How does ChevronTexaco get round the angry neighbors? By heading 40 miles south of Louisiana into the Gulf of Mexico, where it gained approval to build the $600 million Port Pelican terminal. Tankers will disgorge LNG there into 6.9-billion-cubic-feet storage tanks that regasify and shoot 1.6 billion cubic feet a day via pipeline to Louisiana's Henry Hub, from which 13 large pipelines spoke out. Port Pelican could take its first shipments as early as 2007. A second proposal for a terminal on Mexico's Baja peninsula is a long shot for now.
ChevronTexaco produces 4.3 billion cubic feet of gas a day (equal to 720,000 barrels of oil). Half is from the U.S., but the brightest prospects lie elsewhere. As in a gas-to-liquids project at the world's biggest field (900 trillion cubic feet) in Qatar. Off the northwest coast of Australia lies the Gorgon field, where the company holds a controlling stake. Gorgon is thought to contain 10.9 tcf of gas (equivalent to 1.8 billion barrels of oil); nearby are fields holding another 30 tcf. Over the next decade ChevronTexaco plans to spend $11 billion to tap Gorgon and neighboring fields.

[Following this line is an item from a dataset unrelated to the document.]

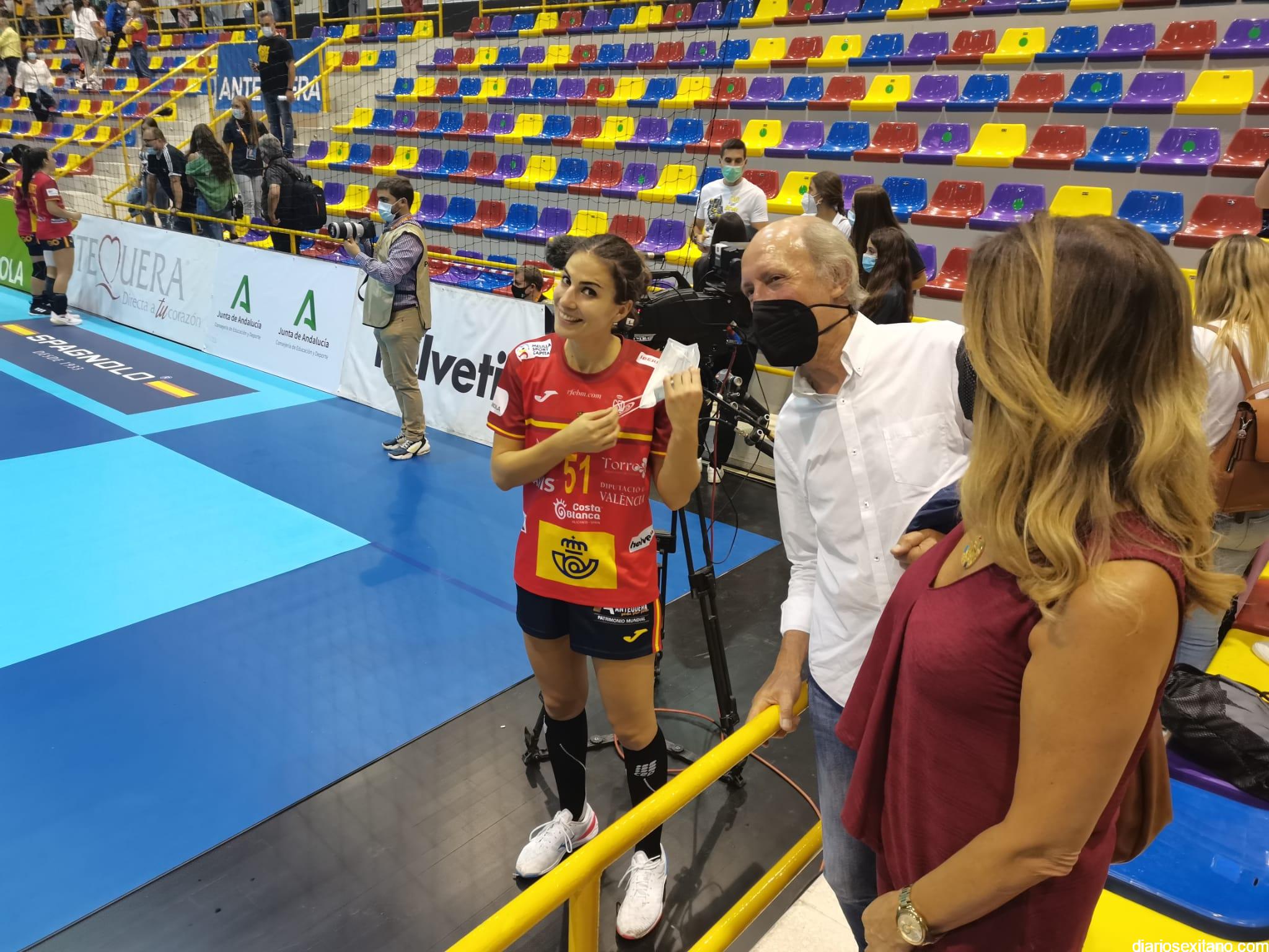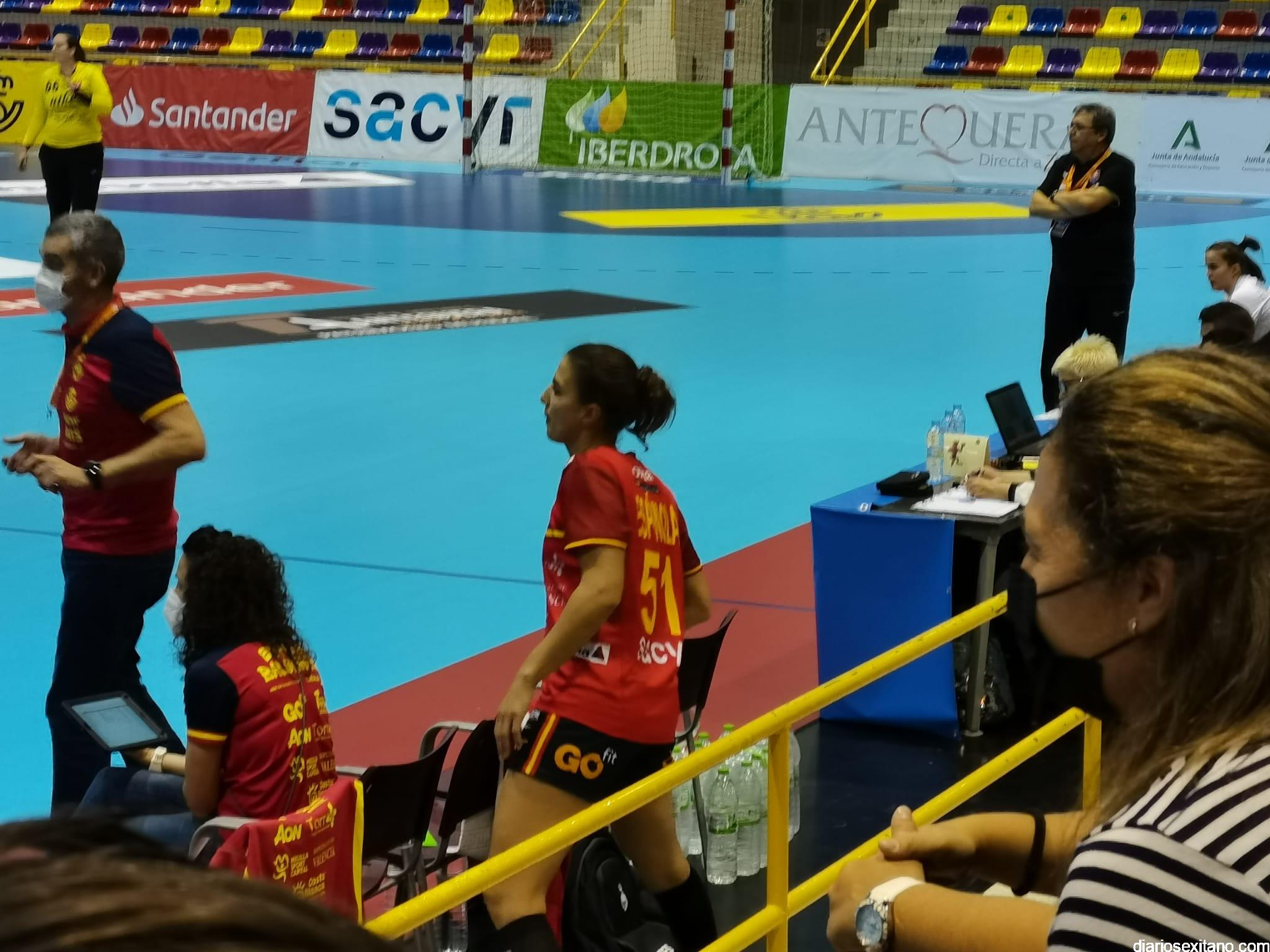 El primer encuentro lo disputaron frente a Eslovaquia, en la ciudad malagueña de Antequera, Irene Espínola que juega de lateral derecho, a la que se impusieron (33-28) con un tanto de la sexitana. Espínola contó con el apoyo de su familia, su primer entrenador en el BM Almuñécar, Miguel Jiménez Corral y el concejal de Deportes, Luis Aragón, entre otros.

Gorgon's riches were discovered 24 years ago but never developed because there was no ready market. The price of gas wasn't high enough to pay for the LNG tankers. Now it is. China last year signed a $25 billion contract with a group developing a second Australian gas field (in which ChevronTexaco has a 17 percent stake) to take 150 billion cubic feet of LNG a year for 20 years.
“Five years ago no one ever thought of taking Gorgon LNG to North America,” says John Gass, the aptly named president of ChevronTexaco's global gas division. These days he's drawing up plans to do just that.
It's preposterous to say that the world is running out of energy. It is only running out of cheap energy. There's plenty of the expensive stuff.